I have quickly learned that people will always ask what's in your smoothie. It makes me think of this CSI episode where this one nutritionist was making human blood/organ powder smoothies (talk about subjective health and nutrition...) because she had Renfield's Syndrome or at least claimed that she did. How the hell did this woman go for years eating people without being bothered to list her smoothie secrets?! Anyway, most of the time people genuinely don't care what's in your smoothie. It's almost like this compulsion to reduce ambiguity. You could say that there's panda tears, bamboo stalks, and soy sauce in it and it's called the "Karma Express" and has been known by the Asian Chinese for years to center your chi... or something. It doesn't have to make sense--karma is part of Hindu traditions, most commonly associated with Indian culture and chi is from Buddhism--no one notices. It doesn't matter most of the time. But every other time (like this one with the neighbor), they do care and want to know what you dared to put in your blender. Mainly for the purpose of judging it.

And, ok, that's a negative way to look at it. But their response does come from this place of feeling they know better about smoothie experiences. I listed my ingredients and woefully ended with "It all sounds good but combined... the taste? Not so much." There was no request for recipes, no suggestions for improvements, just stating the facts. I. don't. like. this. But I had to be polite and listen through a smoothie recipe the neighbor swore by (swore what? Who knows. I don't care.). When the first ingredient was kale I tried to say, "I cannot stand kale. Someone" playful glare towards my grandmother "who may or may not be at this table totally scarred me for life with kale. I think it tastes bitter."

"Oh you don't taste it!

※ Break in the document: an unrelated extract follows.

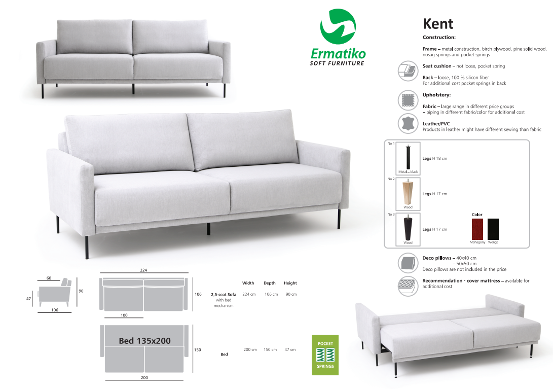 Kent bäddsoffa är en stilren men framförallt bekväm soffa. Med pocketfjädrar i sits som ger en skön både sitt- och liggkomfort. Enkel att bädda upp och ger en bädd som är hela 150x200 cm. Komplettera gärna med en tunn bäddmadrass. Soffan finns att beställa i flera olika färger i tyg eller läder.

Spinach is the one with the bitter taste!"



... sigh...



Let me go and think about the chips I like and about how if I had a brownie for every time I expressed my opinion and received a response that acted like the total opposite was fact, I would be a diabetic.

Let me also say that I totally judge too. Actually, judging is where I AM an athlete. Jump to a judge in a single bound, I do. And I judge the shit out of other people's food choices. Today my mom told me that my dad has high blood sugar so he has chosen to cut out his snack peanut butter crackers but not his pudding or Little Debbie's treats... look me in the eye and tell me you don't judge the shit out of that food choice. I'm training my mind to think in sugar grams and sodium milligrams. It's to help myself. So I get it, Mimi's neighbor, my friends, healthy-minded people--you train your mind to think healthy and it's hard to remember that not everyone is programmed that way. Just like my mind has formed a distinct sex-subjects funnel, it doesn't mean that there isn't more to the world.
There's also more images in this world than this ridiculous dog. But it's funny and I'm lazy.